My analytical juices started to flow when Sir Simon mentioned in his introductory remarks that the Parsifal Overture was in many ways the most rhythmically complicated piece on the program. This seemed like it might be kind of a stretch particularly because when you listen to it, it sounds like pure, unfettered melody with a subtle oscillation running underneath (like around 0:44).
But not being familiar with the Overture (or is it a Prelude?) myself, I decided to take a look at the score:
So now things start to get very interesting, because if you look at the flute part in the last bar, you see this:
which is one of these musical-mathematical conundra that conductors just love to stew over. See, what happens is that while the rest of the orchestra keeps playing in 4/4 – i.e. four quarter notes per measure – the flutes and two of the clarinets have to count 6 quarter notes to each measure. So, each of their quarter notes will end up being shorter/faster than the other players’ at a ratio of 6:4.

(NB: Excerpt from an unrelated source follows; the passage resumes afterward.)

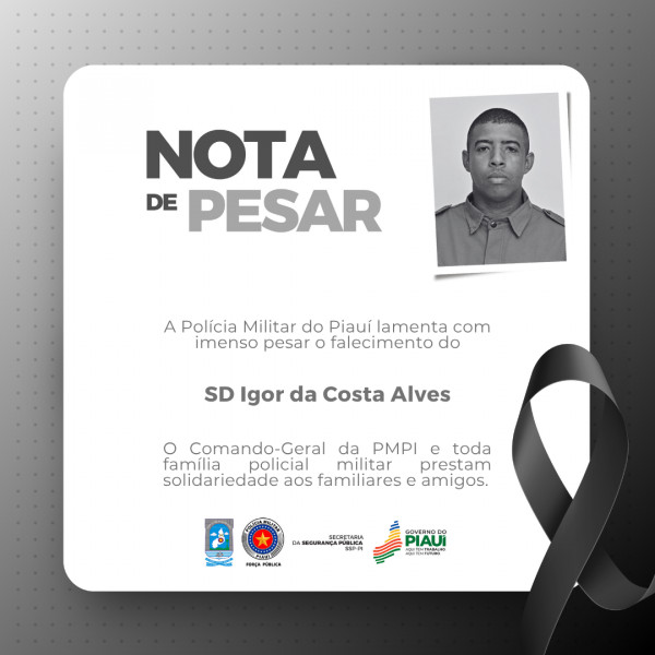 É com imenso pesar que a Polícia Militar do Piauí lamenta o falecimento do soldado Igor da Costa Alves, ocorrido na manhã desta quinta-feira (09).

It would be easy enough if all they had to do was play 6 of their shorter, faster quarter notes against a conductor beating a four pattern of slightly slower quarter notes – musicians have to do this basic sort of trick all the time. But Wagner doesn’t make it that easy. Instead, he writes a rather complicated rhythmic figure (which, vexingly, will hardly even be heard in the orchestral texture.)
In this figure, the flutes and clarinets have to subdivide each of their six quarters into three triplet-eighth notes, so the total number of these notes in a bar is 6 x 3 = 18. This is all well and good, lest we forget that their visual and musical reference in lining up with the rest of the orchestra is 4 (quarter notes to the measure, that is). 18 ÷ 4 = 4.5. Since 4.5 isn’t a whole number, it’s not exactly useful.

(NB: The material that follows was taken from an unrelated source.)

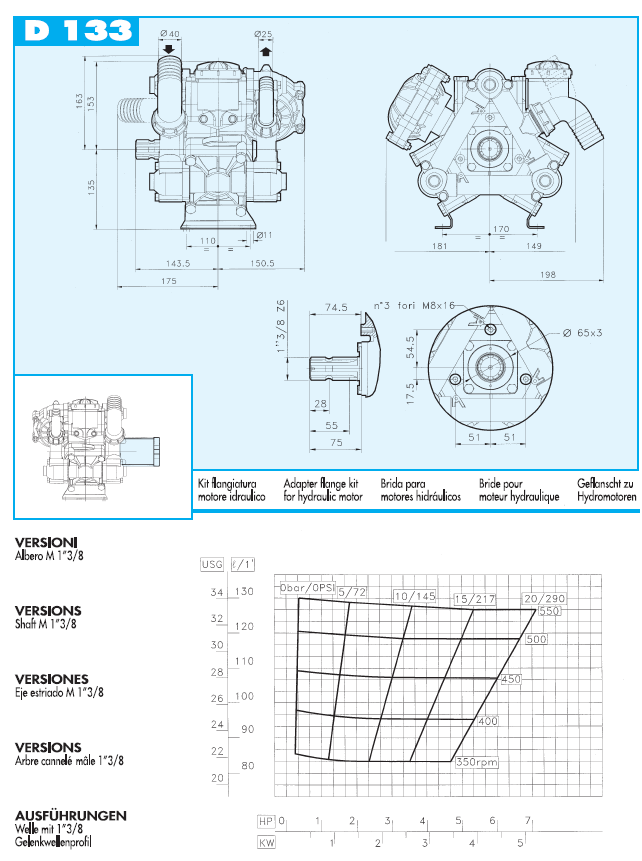 Насос D - 133 встановлюється на штангові обприскувачі з шириною захвата від 16 до 18 м

Except that a particularly clever flautist bent on finding a practical solution to this problem (the problem being how to know how fast to play her triplet-eighth notes in a bar of six and line that up with the conductor’s four pattern) might notice something: despite the fact that 4.5 seems to bear little logical relevance to the problem at hand, if we take a closer look at the particular rhythm that she’s playing:
we notice that the second beat in this pattern consists of 2 eighth notes. So, one solution is to approximate the triplets and make sure that the second eighth lands on the conductor’s fourth beat. 1 eighth note = 1.5 of the triplets; therefore 3 triplets + 1 eighth equals 4.5 triplets.
And that’s likely what everyone who actually plays this does, but the University of Chicagoan in me just hast to know the exact, theoretical answer, as practically untenable a solution as it may present. The next step is to multiply the 18 triplet-eighth notes by 2 – basically, we’re looking for a least common multiple between 18 and 4, i.e. 36.

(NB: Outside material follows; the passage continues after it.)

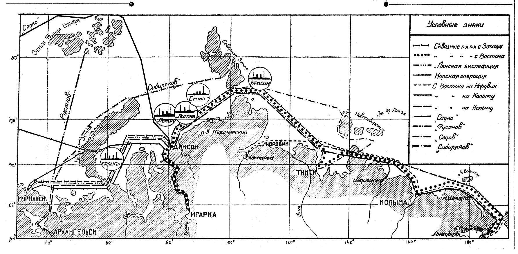 Ниже помещена карта полярных экспедиций Главсевморпути в навигацию этого года. Кружками обозначены ледоколы, проводящие караваны судов по указанным на схеме маршрутам.

So then, the really anal-retentive flautist, who probably has no job and definitely has like zero friends, if she were hired to play the Parsifal Overture (Prelude?) would sit at home and practice counting 36 notes per bar (that’s 9 notes per beat, btw), and regroup those 36-lets into twos so that she would wind up with 18 groups of 2 and divide those 18 groups by 3 so that she could feel 6 beats per bar and know that she had done a really thorough job. She might employ a chart that looked something like this:
and still not be quite satisfied with the outcome. Now, if she really got to thinking smart, said flautist might decide to trip the conductor before he went on stage and step in for him, since beating a simple four pattern and letting everyone else worry about this crap is a way better idea. But she wouldn’t be able to escape her obsession – her obsession with rhythm. And now it would just get even worse, because did you see what was going on with those violas?? They play 8 notes to the beat, multiplied by 4 beats to the bar, so 24 notes in total per measure. Now our valiant flautist/conductor must find the least common multiple of 24 and 36 (it’s 72) if she wanted to figure out how the flute and viola parts really lined up.
I wonder if any conductor or musicologist or whoever has ever actually taken the time to figure out how these two parts line up by dividing the bar into 72 parts. I can only think of one conductor who I would even remotely suspicion of doing such a thing [who shall remain nameless.]